In about two years we've gone from "AI just generates rubbish where the text should be" to "AI spells things pretty wrong." This is largely down to generating a whole image with a textual element. Using a model like SDXL with a LORA like FOOOCUS to do inpainting and input image with a very rough approximation of the right text (added via MS Paint) you can get a pretty much perfect result. Give it another couple of years and the text generation will be spot on.
So yes, right now we need a human to either use the AI well, or to fix it afterwards. That's how technology always goes - something is invented, it's not perfect, humans need to fix the outputs, but eventually the human input diminishes to nothing.
This is not how AI has ever gone. Every approach so far has either been a total dead end, or the underlying concept got pivoted into a simplified, not-AI tech.
This new approach of machine learning content generation will either keep developing, or it will join everything else in the history of AI by hitting a point of diminishing to zero returns.
I agree we probably won't magically scale current techniques to AGI, but I also think the local maxima for creative output is going to be high enough that it changes how we approach it the way computers changed how we approach knowledge work.
That's why I focus on it at least.
You're talking about the progress of technology. I'm talking about how humans use technology in it's early states. They're not mutually exclusive.
And most SOTA models (Imagen, Qwen 20b, etc) at this point can actually already handle a fair amount of text in a single T2I generation. Flux Dev provided your willing to roll a couple gens can do it as well.
AI (at least this form of AI) is not going to take our jobs away and let us all idle and poor, just like the milling machine or the plough didn't take people's jobs away and make everyone poor. it will enable us to do even greater things.
The plough didn't make everyone poor, but people working in agriculture these days are a tiny percentage of the population compared to the majority 150 years ago.
(I don't think LLMs are like that, tho).
Touching on this topic, I cannot recommend enough "The Box: How the Shipping Container Made the World Smaller and the World Economy Bigger" which (among other things) illustrates the story of dockworkers: there were entire towns dedicated to loading ships.
But the people employed in that area have declined by 90% in the last 60 years, while shipping has grown by orders of magnitude.

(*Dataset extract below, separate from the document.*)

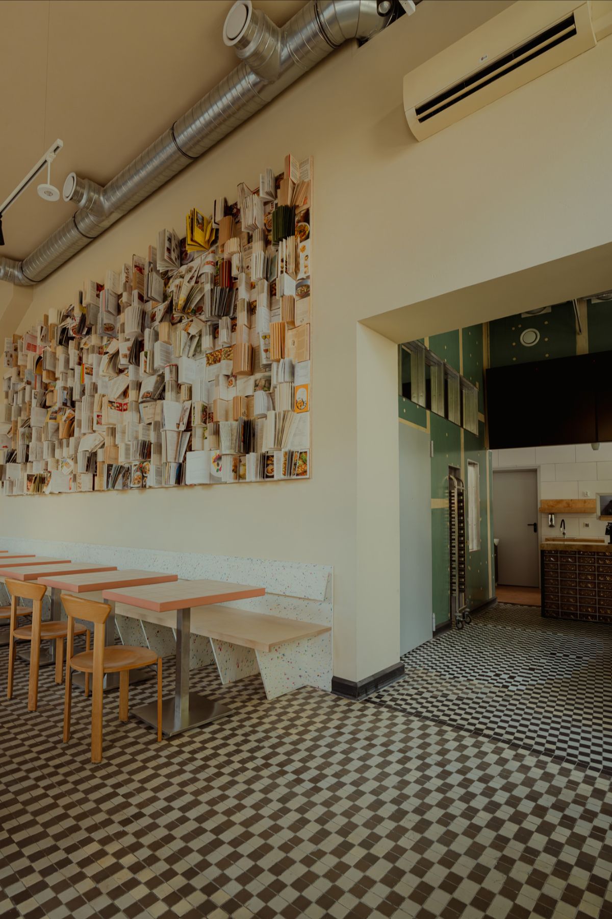 Szczególnym wyzwaniem była sześciometrowa ściana. Początkowo planowano odsłonić na niej duże logo, jednak projektanci zaprosili do współpracy Easy’ego – warszawskiego artystę street artu. To on zaproponował instalację stworzoną ze zużytych książek kucharskich. Obok nowego logotypu stała się ona wyjątkowym, charakterystycznym elementem wnętrza.

New port cities arose, and old ones died. One needs to accept inevitable change sometimes.
Sometimes demand scales, maybe food is less elastic. Programming has been automating itself with each new language and library for 70 years and here we are, so many software devs. Demand scaled up as a result of automation.
Just as gun powder enabled greater things. I agree with you just humans have shown, time after time, an ability to first use innovation to make lives miserable for their fellow humans.
It doesnt do this.
This is highly dependent on which model is being used and what hardware it's running on. In particular, some older article claimed that the energy used to generate an image was equivalent to charging a mobile phone, but the actual energy required for a single image generation (SDXL, 25 steps) is about 35 seconds of running a 80W GPU.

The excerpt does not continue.